The market seems to be adapting to the relentless onslaught of negative news. Last week, the price of Bitcoin continued to decline, but the decline was not too severe at around 2.98% for the week. This was because the consumer and producer price indices (CPI, PPI), which were a source of concern, came in below market expectations.
At the beginning of the week, Bitcoin started at around $70,000. The mood was not very good. After former U.S. President Donald Trump hinted at a recession in an interview, prices of risky assets fell across the board. As Bitcoin and Ethereum prices plummeted, around $1 billion in derivatives positions were liquidated.
On the on-chain data front, the movement of miners was noteworthy. As the Bitcoin price briefly fell to around $77,000, miners started selling their holdings. Typically, miner sales start when a downward price trend becomes clear.
The rebound began from the 12th, when the CPI data was due to be released. The U.S. February CPI came in at 2.8% on a headline basis, 0.2%p lower than the previous month and 0.1%p below Wall Street expectations.
Notably, the core CPI, which had risen 0.76% in January, rose only 0.22% in February, as airfares fell by around 4%. The rest of the items, both services and goods, showed relatively solid performance.
The PPI data released on the 13th also came in 0.1%p below Wall Street expectations, driving the Bitcoin rebound. PPI was 3.2%, 0.5%p lower than in January, with the services component declining but the goods component remaining solid.
The two main concerns currently dominating the market are a potential U.S. recession and rising inflation due to the U.S. trade war. The decline in service-related PPI reflects weakening consumption and a potential recession, while the solid goods-related producer prices can be interpreted as the negative impact of the trade war.
Michigan 1-year Inflation Expectation at 4.9%... Prices Rebound
The turning point for prices was the Michigan inflation expectation data released on the 15th. Last month, the 1-year inflation expectation was 4.3%, which was an unexpected negative factor for the market. This month, it worsened to 4.9%.
This shows that the market is nervously watching the economic policies of the Trump administration. The consumer sentiment index released at the same time hit its lowest level since November 2022.

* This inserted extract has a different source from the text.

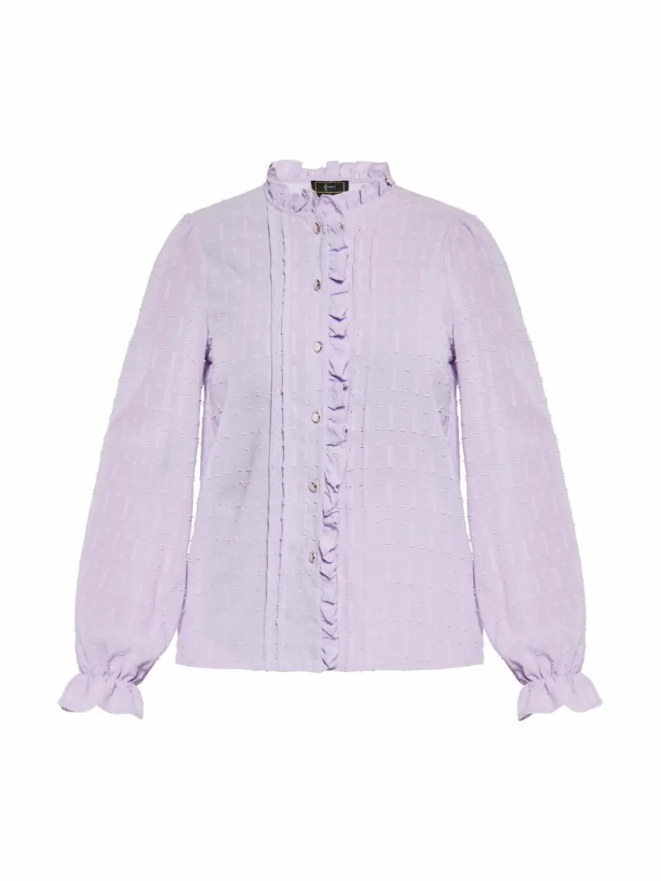 Elevate your wardrobe with this dobby shirt with frills. The romantic long-sleeve shirt features a textured pattern throughout, buttton-down closure and a ruffled stand-up collar. The vertical ruffle details on the front add a feminine touch. Finished with elasticized ruffled cuffs, this semi-formal shirt is perfect for business casual or dressy occasions. This product is a part of Romantic Collection
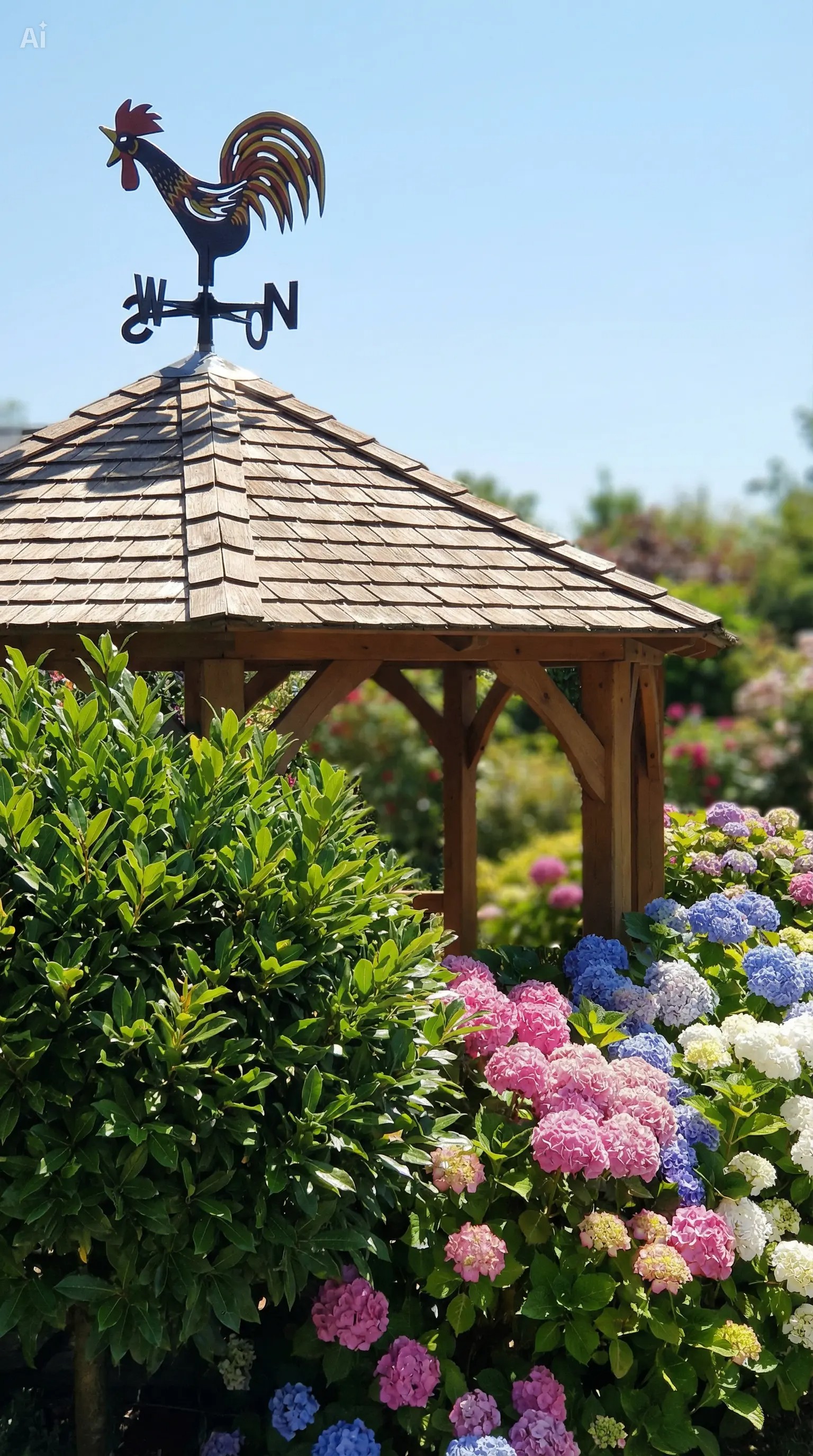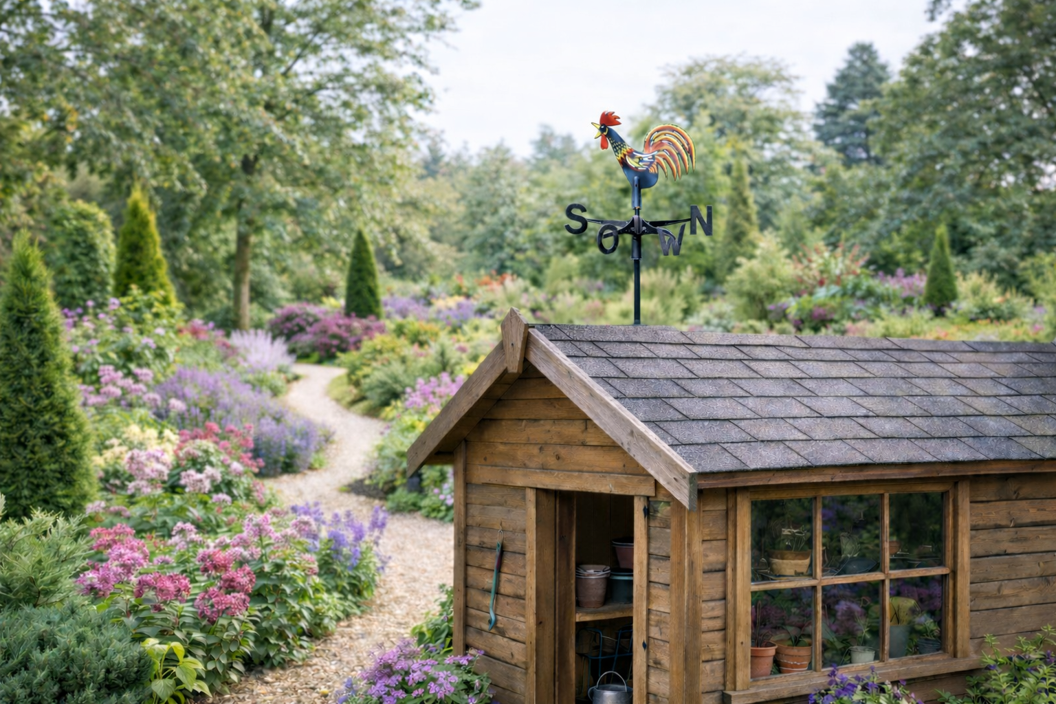 Wiatrowskaz w kształcie barwnego koguta to piękna i popularna ozdoba ogrodu - urządzenie wskazujące kierunek wiatru. Oznaczenie stron świata jest w języku niemieckim (S, O, W, N)

However, it is encouraging that the market did not see a significant decline despite the deterioration of these indicators. This can be interpreted as a signal that the market is adapting to the uncertainty caused by the Trump administration's tariff policies. On the day, prices of Bitcoin and Nasdaq stocks briefly fell with the release of the indicators, but then rebounded strongly.
In contrast to the anxious investors, there was no shortage of positive news across the industry this week. In particular, there were many investment news related to Binance. The Abu Dhabi sovereign wealth fund MGX invested $2 billion in the Binance exchange using stablecoins.
According to the Wall Street Journal, the Trump family is reportedly eyeing the acquisition of Binance US, the current U.S. trading platform of Binance. The Trump family recently almost 'sold out' the token sale of their DeFi coin World Liberty Financial (WLFI), and if they use the funds to acquire the Binance exchange, it could be seen as the Trump family strongly intervening in the cryptocurrency industry. Of course, Binance's former CEO Changpeng Zhao (CZ) strongly denied the Wall Street Journal's report.
Watch for GDPnow Revision on the 19th and the FOMC Meeting on the 20th
This week also has a series of major macroeconomic issues. On the 19th (Wed) at noon, the Bank of Japan, and on the 20th (Thu) early morning, the U.S. Federal Reserve's Federal Open Market Committee (FOMC) will hold a meeting and decide on the benchmark interest rate. If Japanese interest rates rise and U.S. interest rates fall, an unwinding of the yen carry trade could occur.
At 9:30 pm on the 17th (Mon), U.S. retail sales data, which can gauge the possibility of a U.S. recession, will be released. Additionally, the GDPnow data from the Atlanta Fed, to be released in the early morning of the 19th (Wed), also needs to be closely watched.
The Atlanta Fed's GDPnow recently recorded a somewhat shocking figure of -2.4%, but subsequent data is expected to show that this was due to a sudden surge in U.S. gold imports in January, and after adjustments, the figure could improve to around 0.4%. I wish all readers successful investments this week.